Fires customarily are classified as either natural or human-caused. A natural fire is usually started by lightning or lava. Natural fires may be managed as wildland fire use, which are monitored, or as wildfires, those that management seeks to contain and extinguish.
A prescribed fire is ignited by humans under a set of conditions that must be met prior to ignition and is carefully monitored. Prescribed fires are used to manage certain types of landscapes. These uses include reducing fuel buildup around campground areas, manipulating vegetative succession to increasing forage for game species such as wild turkey, deer or elk and removal of exotic, or non-native, species. The prescription indicates the acceptable fuel and weather conditions under which a fire should be set so that the blaze can be controlled.
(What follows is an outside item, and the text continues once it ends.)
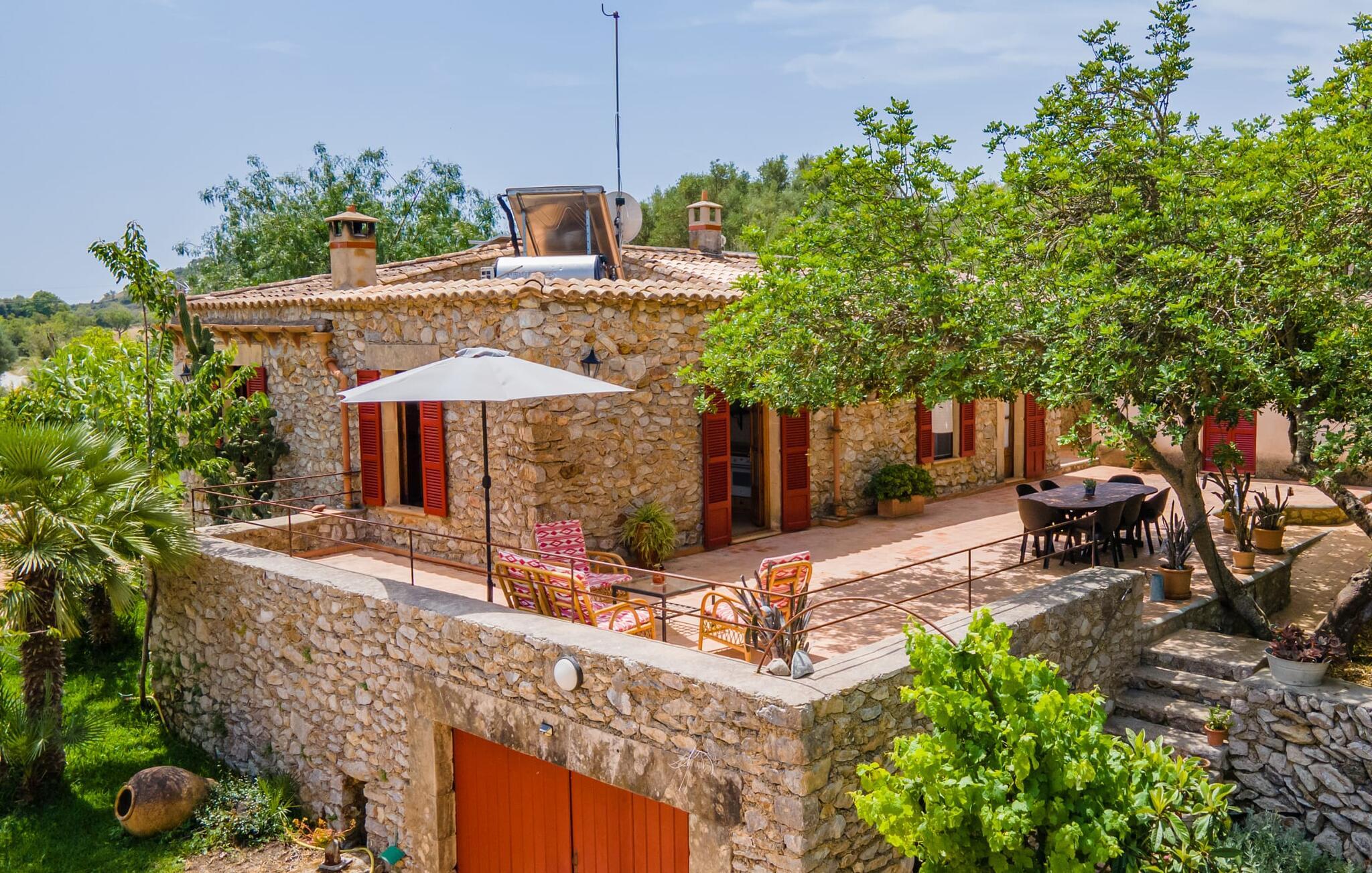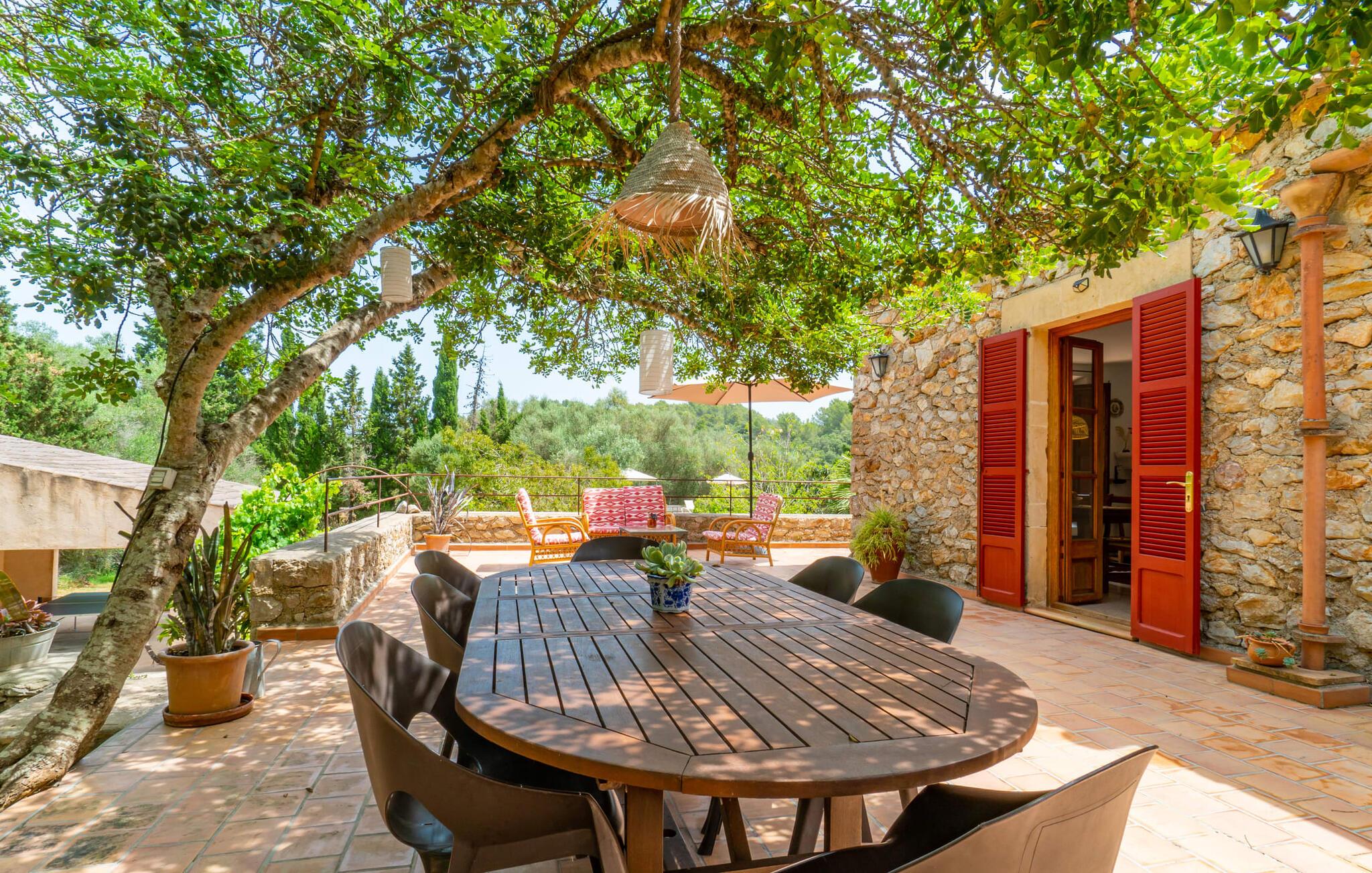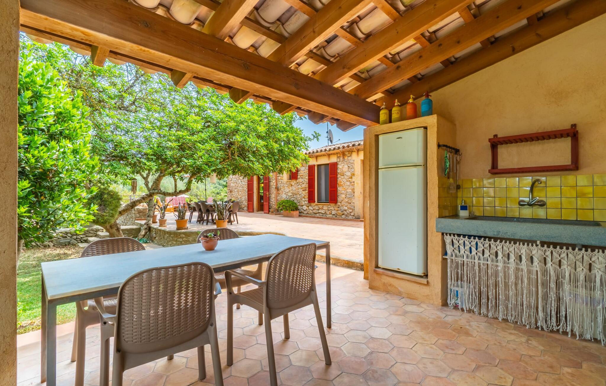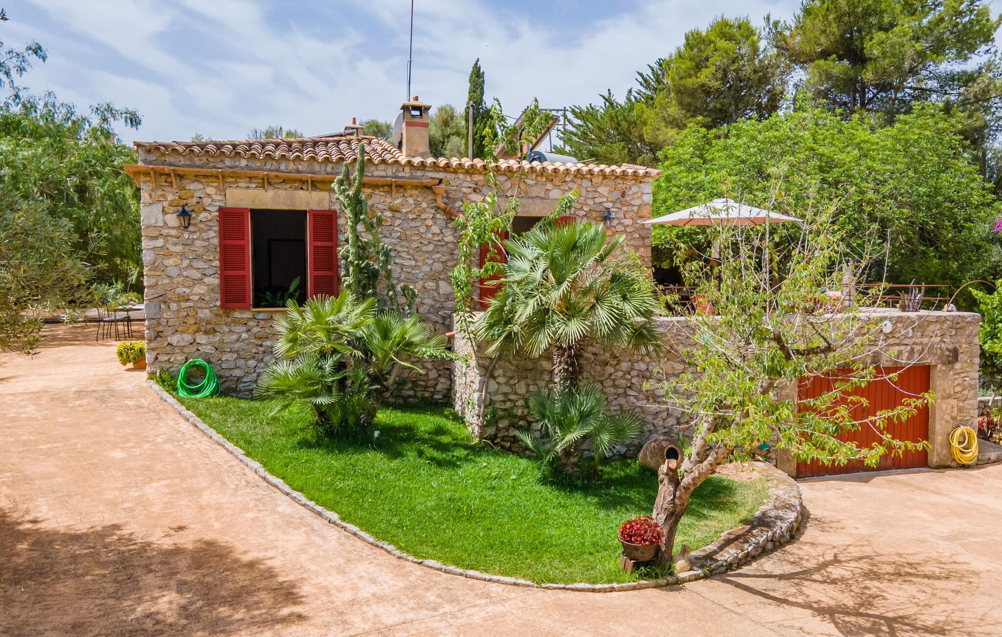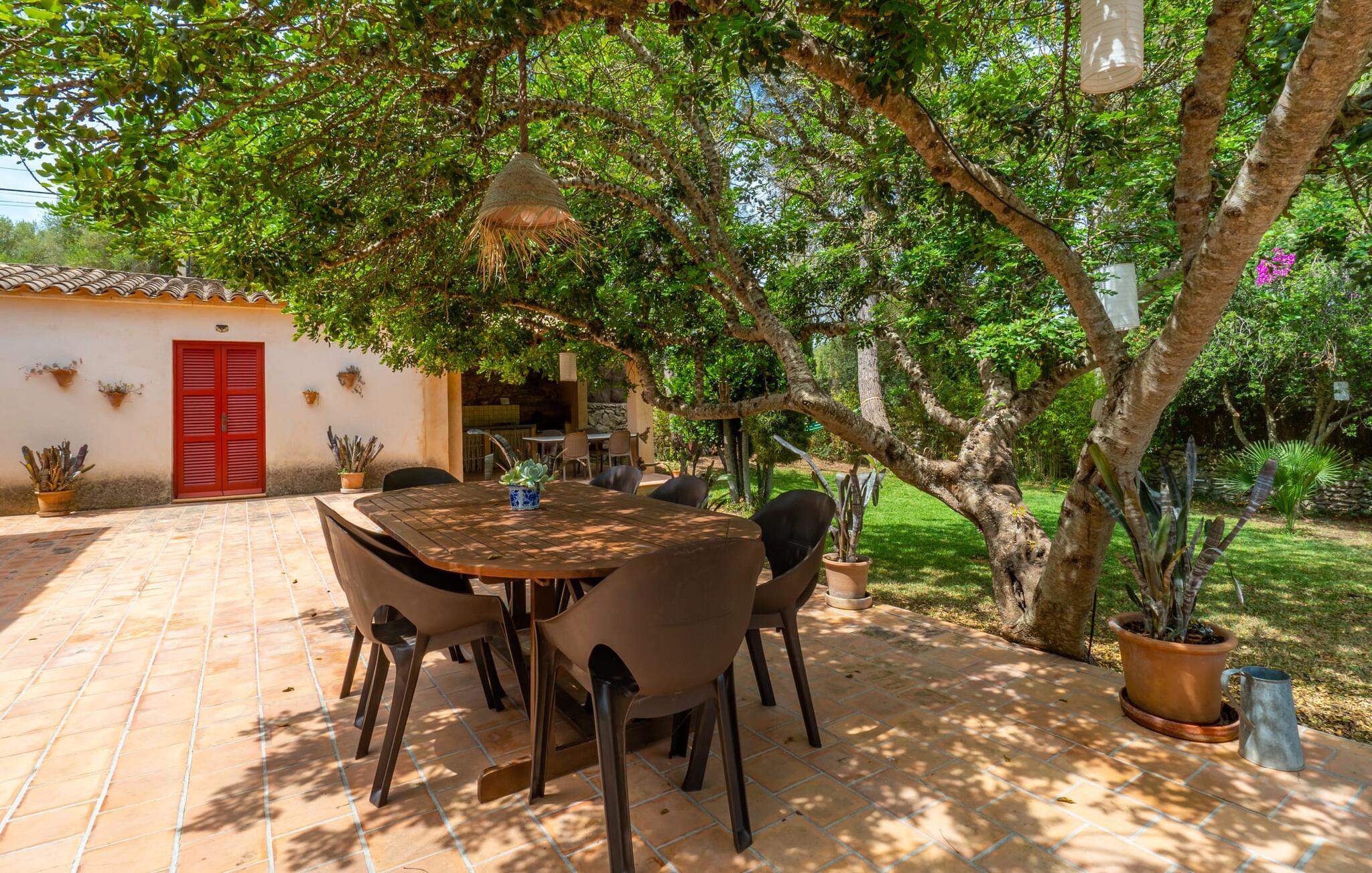 Bei einer Besichtigungstour sehen wir direkt hinter Artàs Nordausgang die absolut bezaubernde Villa „Sa Tortugueta“ im Sonnenlicht. Es wird uns in mallorquinischem Ambiente empfangen. Das Außengelände wird sofort Interesse an weiteren Erkundungen wecken. Viele verschiedene Bäume prägen den abwechslungsreichen Garten und sorgen für eine idyllische und fast gemütliche Atmosphäre. Wer lieber viel Zeit an der frischen Luft verbringt, findet bestimmt ein paar Lieblingsplätze; Ob auf der Terrasse, die mehrere Seiten des Natursteingebäudes umgibt, auf der Rasenfläche, in der Hängematte oder auf der etwas erhöhten Terrasse am Pool. Sie können die Atmosphäre unter den Olivenbäumen am Haus genießen und beispielsweise beim Frühstück einen frischen Obstsalat oder ein knuspriges Brötchen vom Bäcker genießen und dabei ins Grüne blicken. Neben den sicherlich lohnenswerten Ausflügen in die nähere und weitere Umgebung lockt auch ein entspannter Tag am Pool. Genießen Sie ausgiebige Entspannung unter freiem Himmel. Die Liegestühle und Sonnenschirme warten bereits auf Sie! Nehmen Sie ab und zu einen Sprung ins kühle Nass des 8 m langen Pools, den Sie bequem über die Ecktreppe betreten. Das Außenbad ist super praktisch. Neben dem Haus befindet sich eine Außenküche mit einem BBQ-Grill, einem kleinen Gasherd, einer Spüle, einem großen Kühlschrank und Stühlen. Dies ist der Ort, an dem Sie den Tag mit einer großzügigen Portion leckerer Leckereien ausklingen lassen können!

When land managers use prescribed fire as a management technique, they must consider the behavior of fire to assure a desirable outcome. For example, if relative humidity is low, temperature is high, and the wind can be described as gusty, there is a strong possibility that this is a risky time to carry out a prescribed fire. The likelihood of a management-ignited prescribed fire becoming unmanageable under those conditions is very strong. Careful planning, therefore, is required before scheduling a prescribed fire.
Natural resource managers must consider smoke dispersal patterns and management to ensure that transportation, agriculture and human health are not adversely impacted. Morning hours, when dew is still present, are most conducive for prescribed fires. These factors are more readily planned for when the fire is a management-ignited prescribed fire as compared to a fire started by a lightning strike.